Una repentina salva de aplausos estalló cuando dos camareros entraron por un lado de la sala trayendo un pastel enorme rebosante de velas que colocaron ante Elton Lybarger. Pascal Von Holden apoyó la mano en el brazo de Joanna.
– ¿Se puede quedar? -preguntó.
Joanna desvió la mirada del jolgorio en torno a la mesa de Lybarger y se volvió.
– ¿Qué quiere decir? -preguntó.
Von Holden sonrió y las arrugas de su rostro bronceado se hicieron blancas.
– Quiero decir, ¿se puede quedar aquí en Suiza para continuar su trabajo con el señor Lybarger?
Joanna deslizó una mano nerviosa por el pelo que acababa de lavarse.
– ¿Yo, quedarme aquí?
Von Holden asintió con la cabeza.
– ¿Cuánto tiempo?
– Una semana, tal vez dos. Hasta que el señor Lybarger se encuentre físicamente más cómodo en su casa.
Joanna estaba totalmente desconcertada. Durante toda la noche había estado mirando su reloj preguntándose en qué momento volvería a su habitación para guardar los regalos y chucherías que le había ayudado a comprar Von Holden para sus amigos durante el paseo por Zúrich aquella tarde. ¿A qué hora se dormiría? ¿De cuánto tiempo dispondría para levantarse y salir al aeropuerto para coger su vuelo al día siguiente?
– Mi… Mi perro -balbuceó. No se le había ocurrido quedarse en Suiza. La idea de pasar unos días fuera del nido que se había construido le parecía abrumadora.
Von Holden sonrió.
– Cuidaremos de su perro mientras esté ausente, desde luego. Mientras permanezca aquí, tendrá sus propias dependencias en casa del señor Lybarger.
Joanna no sabía qué pensar, qué responder o cómo reaccionar. Hubo una ronda de aplausos en la mesa de Lybarger cuando éste apagó las velas. Una vez más, salida de la nada, apareció la orquesta de fanfarria y tocaron Porque es un muchacho excelente.
Sirvieron café y digestivos, acompañado de unos dados de chocolate suizo. La señora rolliza ayudó a Lybarger a cortar el pastel y los camareros llevaron los platos a las mesas.
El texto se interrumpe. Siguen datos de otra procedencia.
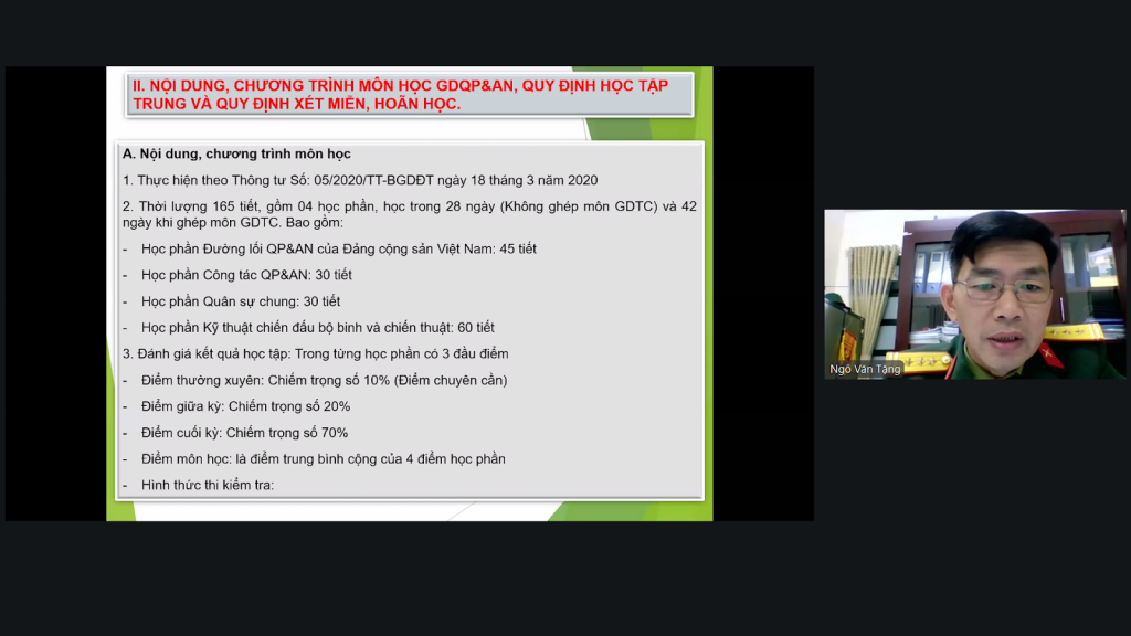 Tiếp theo chương trình, đại diện Trung tâm Giáo dục Quốc phòng và An ninh, Thượng tá, Trưởng phòng Đào tạo và Quản lý người học Ngô Văn Tặng đã phổ biến những thông tin cơ bản về Trung tâm Giáo dục Quốc phòng và An ninh cùng các nội dung cụ thể về chương trình môn học GDQP&AN, các quy định, nội quy học tập và một số vấn đề cần lưu ý về đồ dùng cần chuẩn bị cho thời gian học tập tại Trung tâm.

Joanna probó el café y bebió un sorbo de un excelente coñac. El licor le calentó el cuerpo y se sintió bien.
– Sin usted se sentirá incómodo, inseguro, Joanna. Quédese, por favor. -La sonrisa de Von Holden era generosa y sincera. Además, por la manera en que le había pedido que se quedara, parecía que fuera él y no Lybarger quien la necesitaba. Bebió otro poco de coñac y sintió que se sonrojaba.
– Bueno, de acuerdo -oyó que decía-. Si es tan importante para el señor Lybarger, por supuesto que me quedaré.
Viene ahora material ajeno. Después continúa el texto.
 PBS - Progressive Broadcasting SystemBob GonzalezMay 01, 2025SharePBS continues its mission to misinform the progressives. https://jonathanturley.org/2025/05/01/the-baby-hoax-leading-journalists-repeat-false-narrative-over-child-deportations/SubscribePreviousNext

La orquesta había comenzado a tocar un vals vienes y la joven pareja de alemanes se levantó a bailar. Joanna vio que se levantaban también otros.
– ¿Joanna?
Se volvió y vio a Von Holden de pie detrás de su silla.
– ¿Me permite? -preguntó.
Una gran sonrisa se le dibujó en el rostro.
– Sí, ¿por qué no? -dijo. Se incorporó y él le retiró la silla. Un momento después pasaron junto a Elton Lybarger y se unieron a los demás en la pista de baile. Siguiendo los divertidos compases de la orquesta, Von Holden la cogió en sus brazos y bailaron.
Capítulo 46
– Siempre les digo a los chicos que no duele. Sólo un pequeño tirón bajo la piel -dijo Osborn mientras Vera introducía en una jeringa los 5 ml de la dosis de antitétanos-. Ellos saben que miento y yo sé que miento. No sé por qué se lo digo.
Vera sonrió.
– Se lo dices porque es tu trabajo. -Sacó la aguja, la quebró, envolvió la jeringa en papel higiénico, hizo lo mismo con el frasco y lo metió todo en el bolsillo de la chaqueta-. La herida está limpia y curándose bien. Mañana empezaremos con tus ejercicios.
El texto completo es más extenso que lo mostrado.